W = np.array([[20., 30.], [25., 40.]])
sigma = invwishart.rvs(v, W)
# NIW Normal hyperparameters
m = np.array([1., 1.])
k = 0.8
mu = np.random.multivariate_normal(m, sigma / k)
xn_data = np.random.multivariate_normal(mu, sigma, N)
plt.scatter(xn_data[:, 0], xn_data[:, 1], cmap=cm.gist_rainbow, s=5)
plt.show()
print('mu={}'.format(mu))
print('sigma={}'.format(sigma))
# Prior definition
v_prior = tf.Variable(3., dtype=tf.float64, trainable=False)
W_prior = tf.Variable(np.array([[1., 0.], [0., 1.]]),
dtype=tf.float64, trainable=False)
m_prior = tf.Variable(np.array([0.5, 0.5]), dtype=tf.float64, trainable=False)
k_prior = tf.Variable(0.6, dtype=tf.float64, trainable=False)
print('***** PRIORS *****')
print('v_prior: {}'.format(v_prior))
print('W_prior: {}'.format(W_prior))
print('m_prior: {}'.format(m_prior))
print('k_prior: {}'.format(k_prior))
# Posterior inference
# Probabilistic model
sigma = WishartCholesky(df=v_prior, scale=W_prior)
mu = MultivariateNormalFull(m_prior, k_prior * sigma)
xn = MultivariateNormalFull(tf.reshape(tf.tile(mu, [N]), [N, D]),
tf.reshape(tf.tile(sigma, [N, 1]), [N, 2, 2]))
print('***** PROBABILISTIC MODEL *****')
print('mu: {}'.format(mu))
print('sigma: {}'.format(sigma))
print('xn: {}'.format(xn))
# Variational model
qmu = MultivariateNormalFull(
tf.Variable(tf.random_normal([D], dtype=tf.float64), name='v1'),
tf.nn.softplus(
tf.Variable(tf.random_normal([D, D], dtype=tf.float64), name='v2')))
qsigma = WishartCholesky(
df=tf.nn.softplus(
tf.Variable(tf.random_normal([], dtype=tf.float64), name='v3')),
scale=tf.nn.softplus(
tf.Variable(tf.random_normal([D, D], dtype=tf.float64), name='v4')))
print('***** VARIATIONAL MODEL *****')
print('qmu: {}'.format(qmu))
print('qsigma: {}'.format(qsigma))
# Inference
print('xn_data: {}'.format(xn_data.dtype))
inference = ed.KLqp({mu: qmu, sigma: qsigma}, data={xn: xn_data})
inference.run(n_iter=2000, n_samples=20)
But it seems there is a type error:
File "NW_normal_edward.py", line 78, in <module>
inference.run(n_iter=2000, n_samples=20)
File "/home/alberto/.virtualenvs/GMM/local/lib/python2.7/site-packages/edward/inferences/inference.py", line 218, in run
self.initialize(*args, **kwargs)
File "/home/alberto/.virtualenvs/GMM/local/lib/python2.7/site-packages/edward/inferences/klqp.py", line 66, in initialize
return super(KLqp, self).initialize(*args, **kwargs)

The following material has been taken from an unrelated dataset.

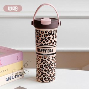 ins风复古双饮提手杯外出便携不锈钢吸管杯创意方格学生保温水杯

File "/home/alberto/.virtualenvs/GMM/local/lib/python2.7/site-packages/edward/inferences/variational_inference.py", line 70, in initialize
self.loss, grads_and_vars = self.build_loss_and_gradients(var_list)

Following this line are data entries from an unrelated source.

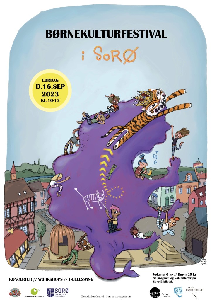 Kom til Børnekulturfestival i hjertet af Sorø by, lørdag den 16. september kl. 10-13. Der vil være sang og musik, dans og teater, billeder, troldespor, spændende fortællinger, sæbebobler, højt til himlen og et flyvende formidabelt fællesskab. Festivalen foregår på Grøn Scene (pladsen mellem biblioteket og Sorø Kunstmuseum) og henvender sig til børn fra 0-7 år og deres familier. Der vil være gratis koncerter udendørs på Grønne Scene og workshops indendørs i Sorø Museum, kunstmuseet og biblioteket, som kræver billetter. Vil I deltage i workshops (4 stks) kræver det en børnebillet til 25 kr. Disse billetter købes på biblioteket eller online. Voksne deltager gratis, sammen med https://soroemusiskeskole.dk
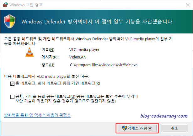 최초 접속시 아래와 같은 보안 경고가 나올 수 있는데 이럴경우 "액세스 허용" 버튼을 눌러 준다.
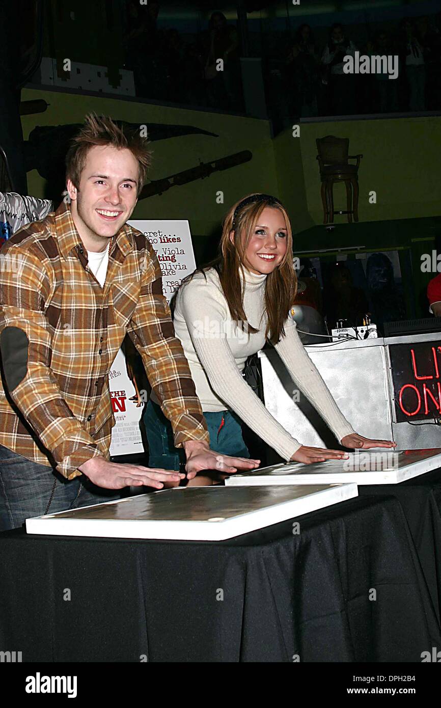 Feb. 24, 2006 - New York, New York, U.S. - K46972ML.AMANDA BYNES AND ROBERT HOFFMAN CO-STARS OF ''SHE'S THE MAN'' CONTRIBUTE THEIR HAND PRINTS TO PLANET HOLLYWOOD'S WALL OF FAME AT PLANET

File "/home/alberto/.virtualenvs/GMM/local/lib/python2.7/site-packages/edward/inferences/klqp.py", line 108, in build_loss_and_gradients
return build_reparam_loss_and_gradients(self, var_list)

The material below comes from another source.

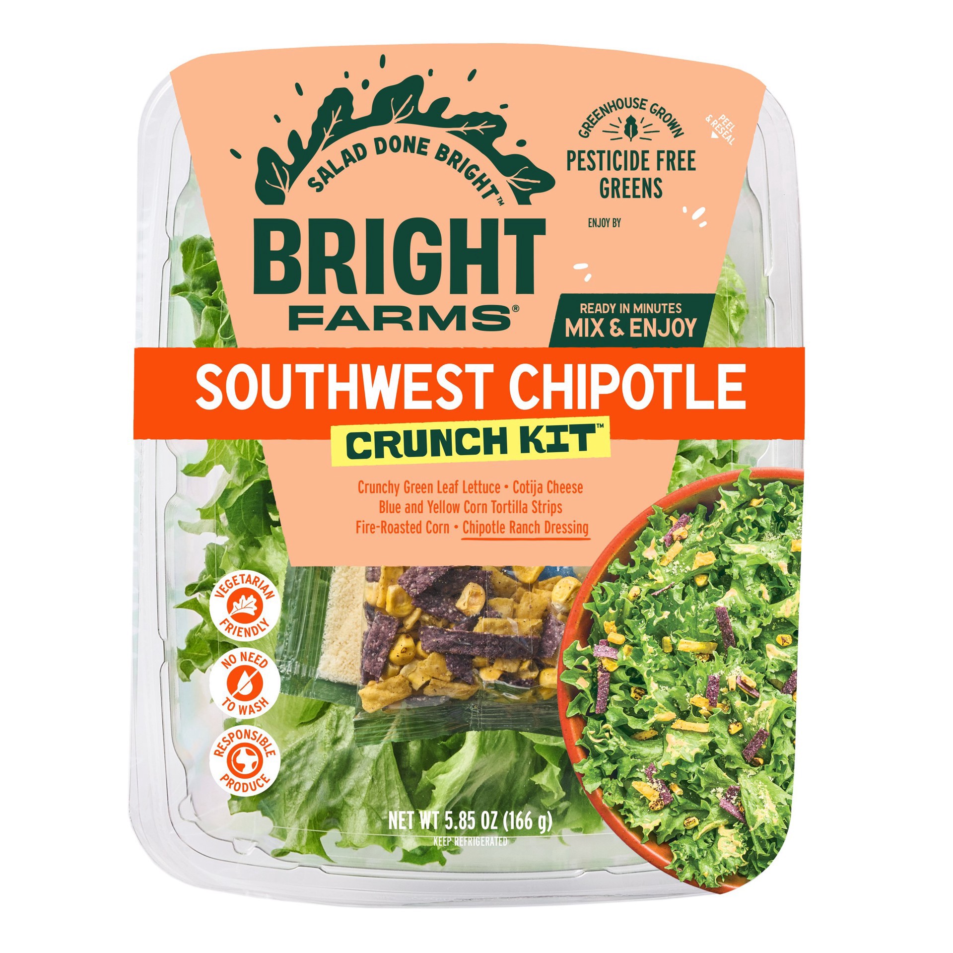 This kit starts with fresh BrightFarms Sunny Crunch greens grown right here in Texas! It's then topped with cotija cheese, blue and yellow corn tortilla strips, fire roasted corn, and paired with a ch…

File "/home/alberto/.virtualenvs/GMM/local/lib/python2.7/site-packages/edward/inferences/klqp.py", line 343, in build_reparam_loss_and_gradients
z_copy = copy(z, dict_swap, scope=scope)
File "/home/alberto/.virtualenvs/GMM/local/lib/python2.7/site-packages/edward/util/random_variables.py", line 176, in copy
new_rv = rv.__class__(*args, **kwargs)
File "/home/alberto/.virtualenvs/GMM/local/lib/python2.7/site-packages/edward/models/random_variable.py", line 62, in __init__
super(RandomVariable, self).__init__(*args, **kwargs)
File "/home/alberto/.virtualenvs/GMM/local/lib/python2.7/site-packages/tensorflow/contrib/distributions/python/ops/wishart.py", line 521, in __init__
name=ns)
File "/home/alberto/.virtualenvs/GMM/local/lib/python2.7/site-packages/tensorflow/contrib/distributions/python/ops/wishart.py", line 125, in __init__
dtype=self._scale_operator_pd.dtype, name="dimension")
File "/home/alberto/.virtualenvs/GMM/local/lib/python2.7/site-packages/tensorflow/python/framework/ops.py", line 651, in convert_to_tensor
as_ref=False)
File "/home/alberto/.virtualenvs/GMM/local/lib/python2.7/site-packages/tensorflow/python/framework/ops.py", line 730, in internal_convert_to_tensor
dtype.name, ret.dtype.name))
RuntimeError: dimension: Conversion function <function _constant_tensor_conversion_function at 0x7f35210922a8> for type <type 'object'> returned incompatible dtype: requested = float64_ref, actual = float64
Do you think it is a Tensorflow's WishartCholesky problem? Do you have some model example using Wishart distribution in Edward?